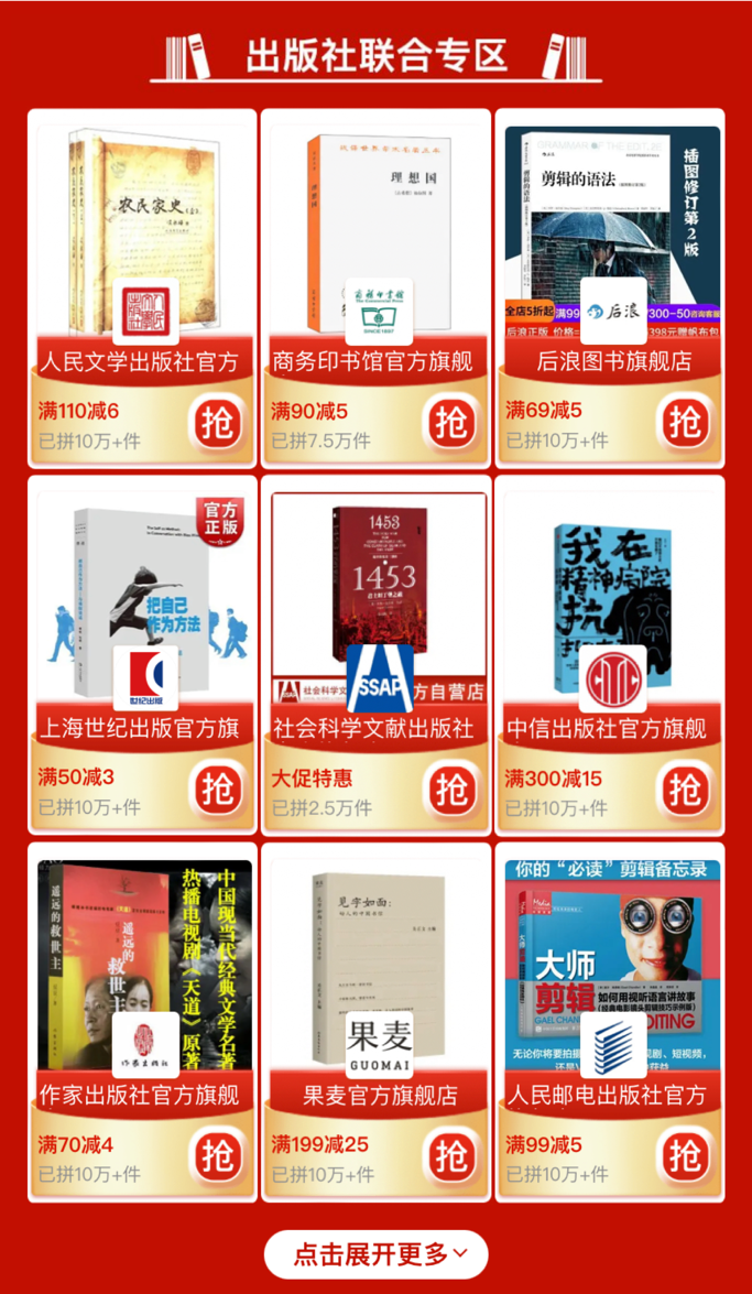 第三季“多多读书月”活动设立出版社联合专区,人民文学出版社、商务印书馆、中信出版社等上百家国内主流出版社、图书出版公司官方旗舰店一键直通
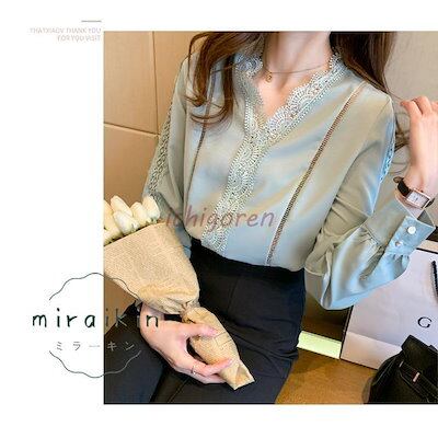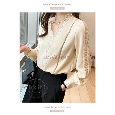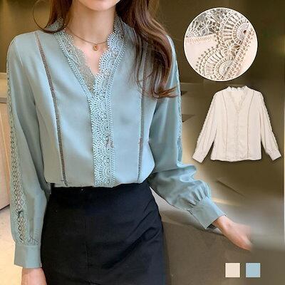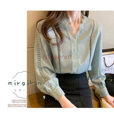新品 大人気 ブラウス レディース 春 夏 春夏 トップス チュニック 長袖 シャツ レース きれいめ ベージュ ブルー オフィス カジュアル 20代 30代 40代 50代
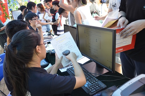 9月8日下午4时许,我院团委学生会全体成员、党员志愿者以及学生志愿者们准时集合于我院大本营。17级迎新工作总的学院领导、老师也早早来到了报到处,与各部门工作人员一起帮助新生报到。早在8日中午我院已提前完成迎新的准备工作:挂起写有“beat365手机版官网入口”的院标,搬来报名所需要的材料与设备。迎新过程中,工作人员分工明确,各司其职,接待新生、协助新生顺利完成注册工作、帮助新生搬运照看行李、指引入住宿舍和带领缴费并积极地为新生解答各种疑惑和问题,一切都在微笑中有条不紊的进行着。
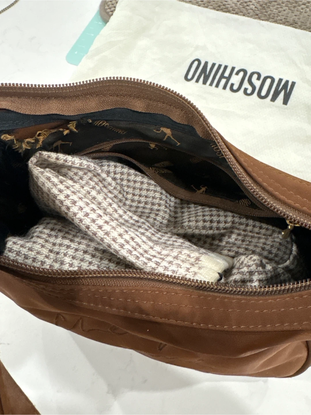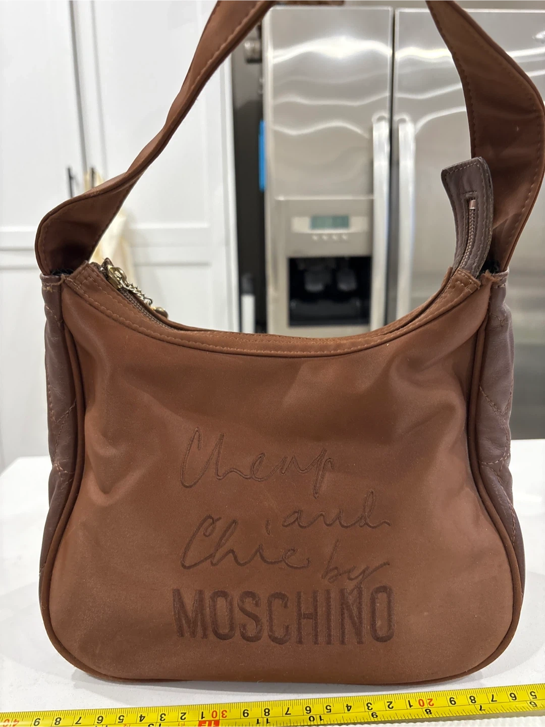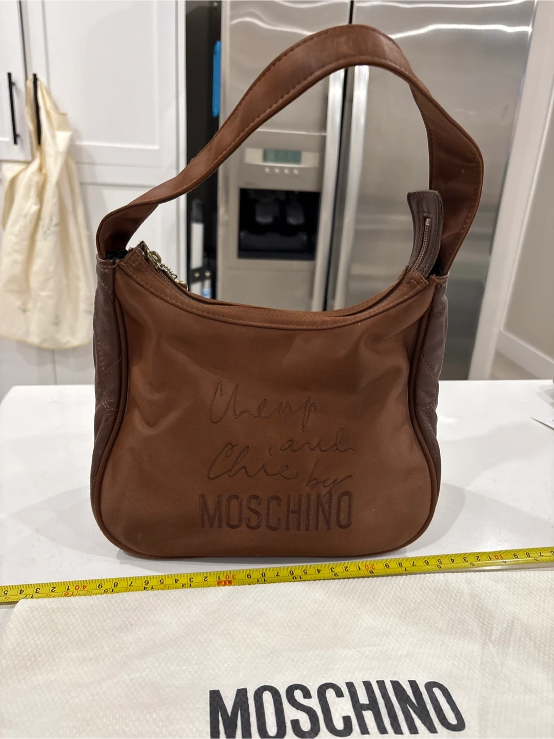 Selling a Moschino Cheap and Chic shoulder bag in brown. It's in good condition and perfect for everyday use. The bag features the Moschino logo and has a zippered closure. It's a stylish and practical accessory! Used , inside lining little damage
• • • •
Transcribe each line of the material above verbatim, but do not include the images.

▶ _Your solution_:
 第三季“多多读书月”活动设立出版社联合专区,人民文学出版社、商务印书馆、中信出版社等上百家国内主流出版社、图书出版公司官方旗舰店一键直通
新品 大人気 ブラウス レディース 春 夏 春夏 トップス チュニック 長袖 シャツ レース きれいめ ベージュ ブルー オフィス カジュアル 20代 30代 40代 50代
 9月8日下午4时许,我院团委学生会全体成员、党员志愿者以及学生志愿者们准时集合于我院大本营。17级迎新工作总的学院领导、老师也早早来到了报到处,与各部门工作人员一起帮助新生报到。早在8日中午我院已提前完成迎新的准备工作:挂起写有“beat365手机版官网入口”的院标,搬来报名所需要的材料与设备。迎新过程中,工作人员分工明确,各司其职,接待新生、协助新生顺利完成注册工作、帮助新生搬运照看行李、指引入住宿舍和带领缴费并积极地为新生解答各种疑惑和问题,一切都在微笑中有条不紊的进行着。
 Selling a Moschino Cheap and Chic shoulder bag in brown. It's in good condition and perfect for everyday use. The bag features the Moschino logo and has a zippered closure. It's a stylish and practical accessory! Used , inside lining little damage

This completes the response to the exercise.